Input for this task>

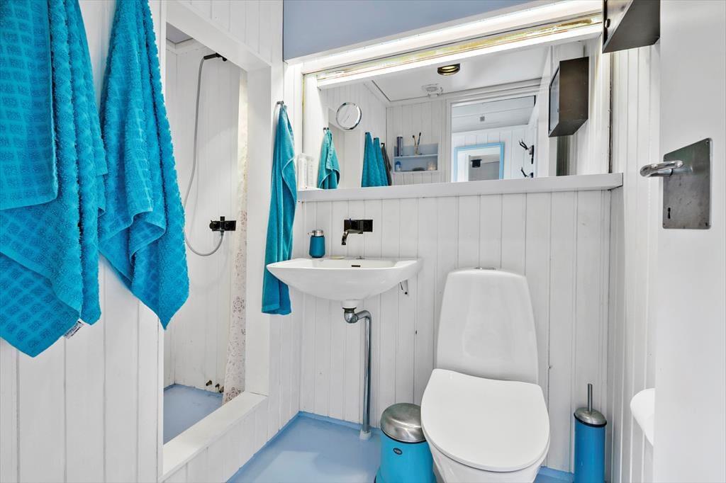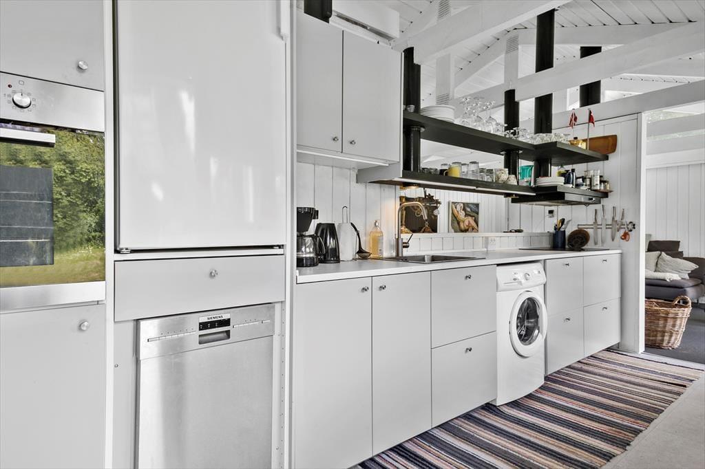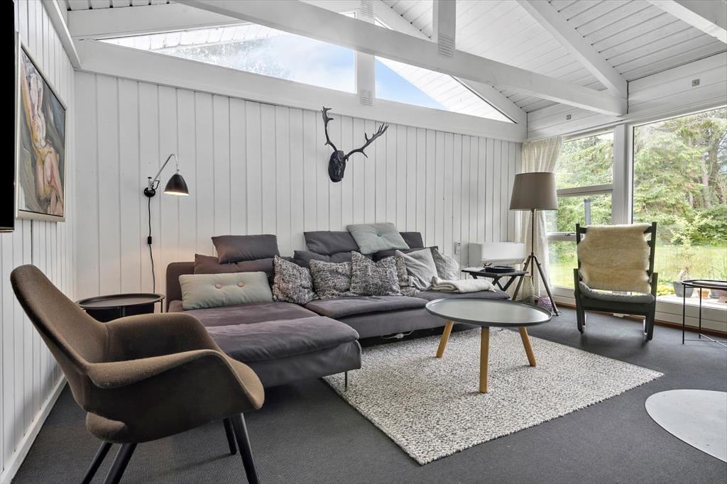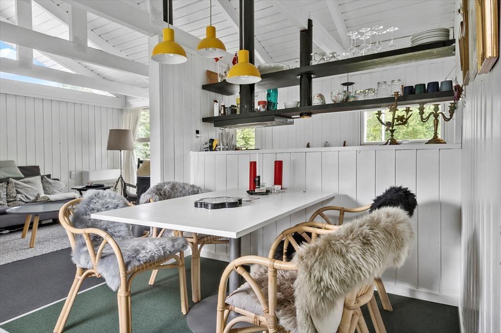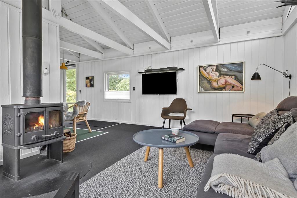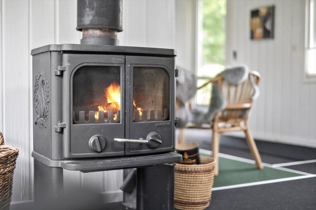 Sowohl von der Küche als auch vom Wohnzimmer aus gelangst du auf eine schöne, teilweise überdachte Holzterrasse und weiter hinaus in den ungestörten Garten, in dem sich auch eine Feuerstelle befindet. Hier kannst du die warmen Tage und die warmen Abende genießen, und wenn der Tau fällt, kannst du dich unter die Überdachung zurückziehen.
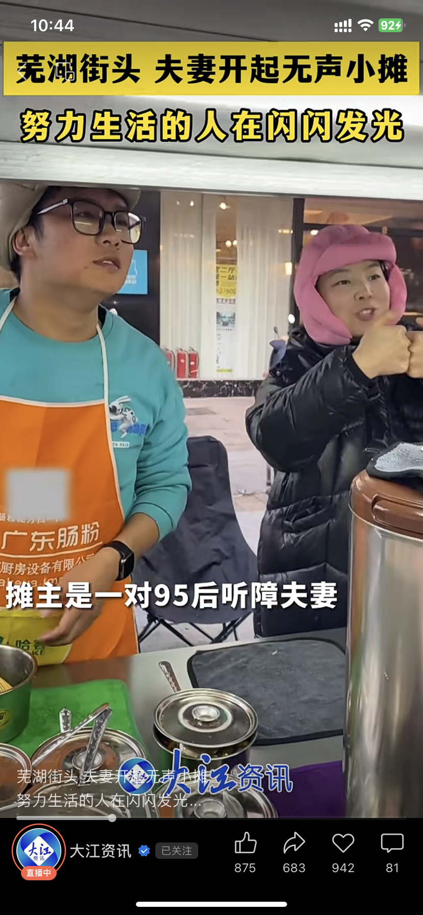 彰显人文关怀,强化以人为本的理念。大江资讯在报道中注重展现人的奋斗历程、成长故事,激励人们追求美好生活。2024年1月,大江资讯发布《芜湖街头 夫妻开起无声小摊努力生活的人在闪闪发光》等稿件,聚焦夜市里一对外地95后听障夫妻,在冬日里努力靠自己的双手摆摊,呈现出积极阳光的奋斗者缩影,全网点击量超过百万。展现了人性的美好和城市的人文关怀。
--
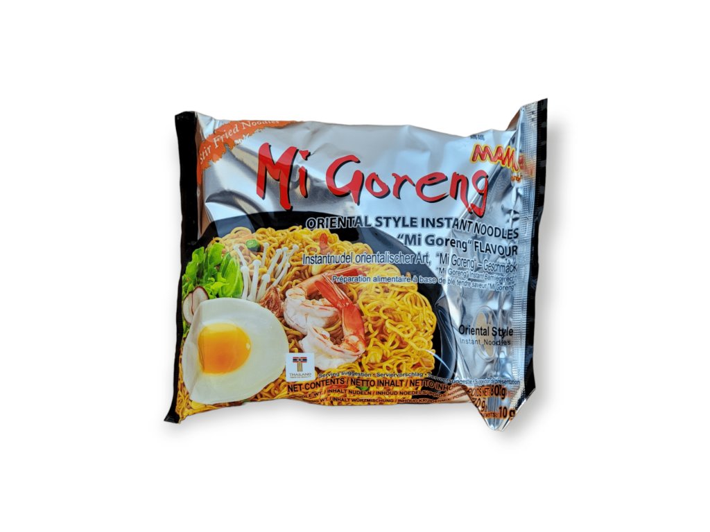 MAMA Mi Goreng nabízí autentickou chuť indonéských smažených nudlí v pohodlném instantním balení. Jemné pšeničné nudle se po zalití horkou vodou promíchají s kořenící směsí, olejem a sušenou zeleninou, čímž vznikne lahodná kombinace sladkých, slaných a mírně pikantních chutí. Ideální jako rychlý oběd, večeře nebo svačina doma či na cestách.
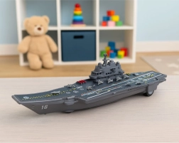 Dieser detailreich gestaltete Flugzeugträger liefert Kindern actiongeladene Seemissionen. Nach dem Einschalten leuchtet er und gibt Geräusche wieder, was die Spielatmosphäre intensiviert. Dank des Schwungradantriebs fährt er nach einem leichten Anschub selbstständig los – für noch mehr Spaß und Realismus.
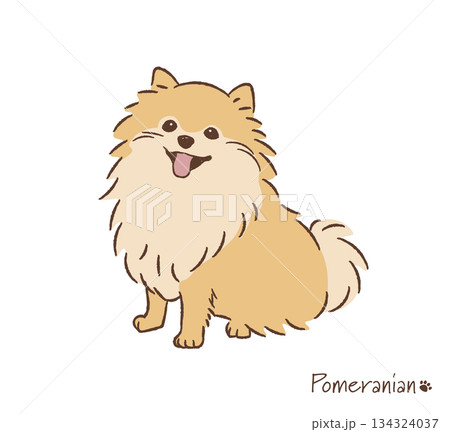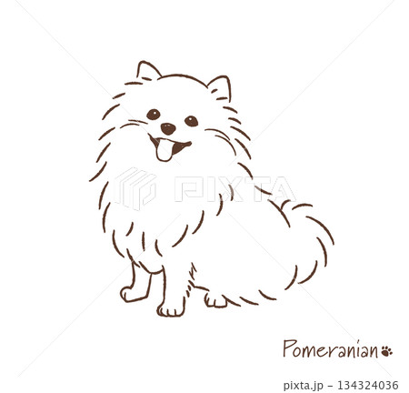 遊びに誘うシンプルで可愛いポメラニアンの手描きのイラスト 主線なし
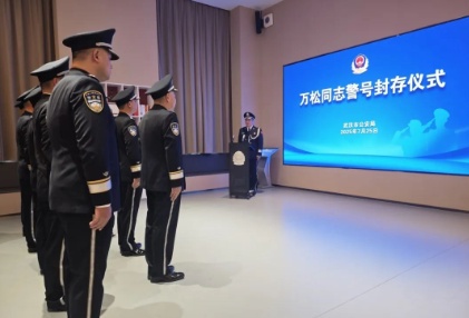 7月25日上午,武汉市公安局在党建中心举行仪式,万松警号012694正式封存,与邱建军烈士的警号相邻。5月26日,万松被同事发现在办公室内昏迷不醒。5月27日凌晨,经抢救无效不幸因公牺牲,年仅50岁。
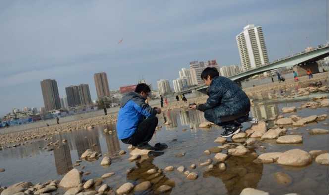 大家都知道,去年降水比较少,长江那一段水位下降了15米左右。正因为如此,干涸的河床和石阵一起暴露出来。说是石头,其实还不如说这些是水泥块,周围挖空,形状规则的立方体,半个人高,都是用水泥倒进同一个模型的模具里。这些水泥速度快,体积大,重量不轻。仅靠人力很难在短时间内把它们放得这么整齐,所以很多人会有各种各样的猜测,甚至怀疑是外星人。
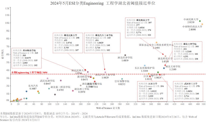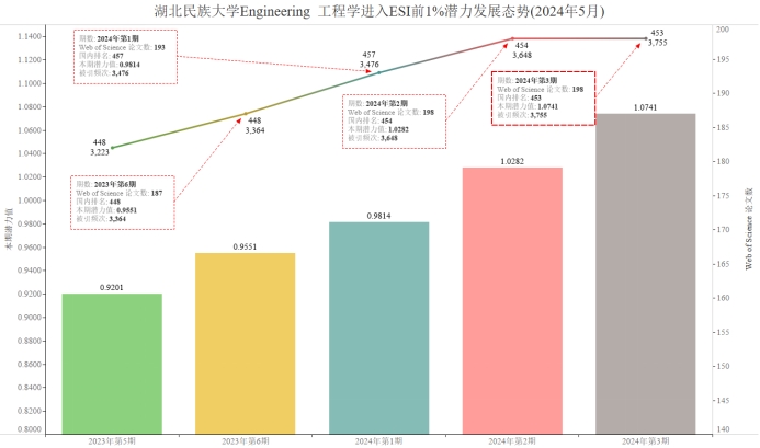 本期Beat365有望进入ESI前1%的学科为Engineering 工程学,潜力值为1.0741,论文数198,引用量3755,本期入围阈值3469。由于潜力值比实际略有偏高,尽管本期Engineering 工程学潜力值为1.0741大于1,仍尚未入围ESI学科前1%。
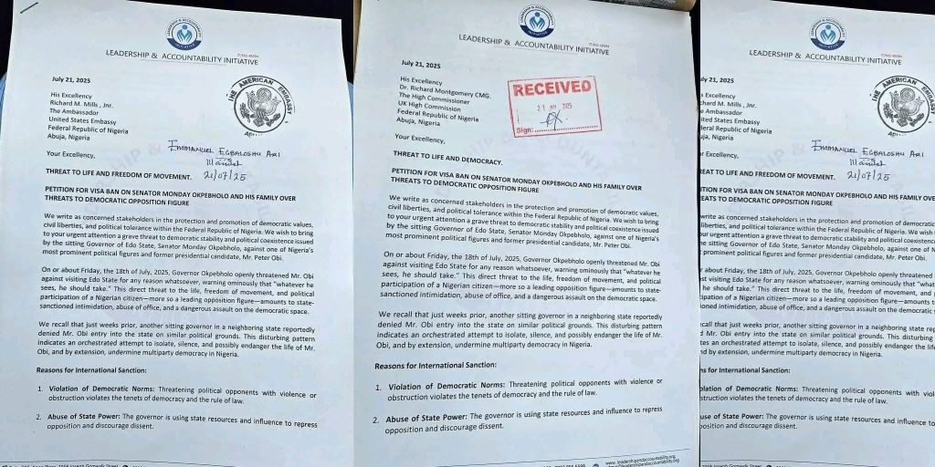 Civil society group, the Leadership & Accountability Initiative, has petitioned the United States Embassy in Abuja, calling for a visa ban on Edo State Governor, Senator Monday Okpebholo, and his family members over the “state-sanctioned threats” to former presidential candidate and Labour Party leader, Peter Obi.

Task brief> Your answer should be the lines above, word for word, from the line with "MAMA Mi Goreng" through the line with "Civil society group, the", minus the pictures.

Result>
 MAMA Mi Goreng nabízí autentickou chuť indonéských smažených nudlí v pohodlném instantním balení. Jemné pšeničné nudle se po zalití horkou vodou promíchají s kořenící směsí, olejem a sušenou zeleninou, čímž vznikne lahodná kombinace sladkých, slaných a mírně pikantních chutí. Ideální jako rychlý oběd, večeře nebo svačina doma či na cestách.
 Dieser detailreich gestaltete Flugzeugträger liefert Kindern actiongeladene Seemissionen. Nach dem Einschalten leuchtet er und gibt Geräusche wieder, was die Spielatmosphäre intensiviert. Dank des Schwungradantriebs fährt er nach einem leichten Anschub selbstständig los – für noch mehr Spaß und Realismus.
 遊びに誘うシンプルで可愛いポメラニアンの手描きのイラスト 主線なし
 7月25日上午,武汉市公安局在党建中心举行仪式,万松警号012694正式封存,与邱建军烈士的警号相邻。5月26日,万松被同事发现在办公室内昏迷不醒。5月27日凌晨,经抢救无效不幸因公牺牲,年仅50岁。
 大家都知道,去年降水比较少,长江那一段水位下降了15米左右。正因为如此,干涸的河床和石阵一起暴露出来。说是石头,其实还不如说这些是水泥块,周围挖空,形状规则的立方体,半个人高,都是用水泥倒进同一个模型的模具里。这些水泥速度快,体积大,重量不轻。仅靠人力很难在短时间内把它们放得这么整齐,所以很多人会有各种各样的猜测,甚至怀疑是外星人。
 本期Beat365有望进入ESI前1%的学科为Engineering 工程学,潜力值为1.0741,论文数198,引用量3755,本期入围阈值3469。由于潜力值比实际略有偏高,尽管本期Engineering 工程学潜力值为1.0741大于1,仍尚未入围ESI学科前1%。
 Civil society group, the Leadership & Accountability Initiative, has petitioned the United States Embassy in Abuja, calling for a visa ban on Edo State Governor, Senator Monday Okpebholo, and his family members over the “state-sanctioned threats” to former presidential candidate and Labour Party leader, Peter Obi.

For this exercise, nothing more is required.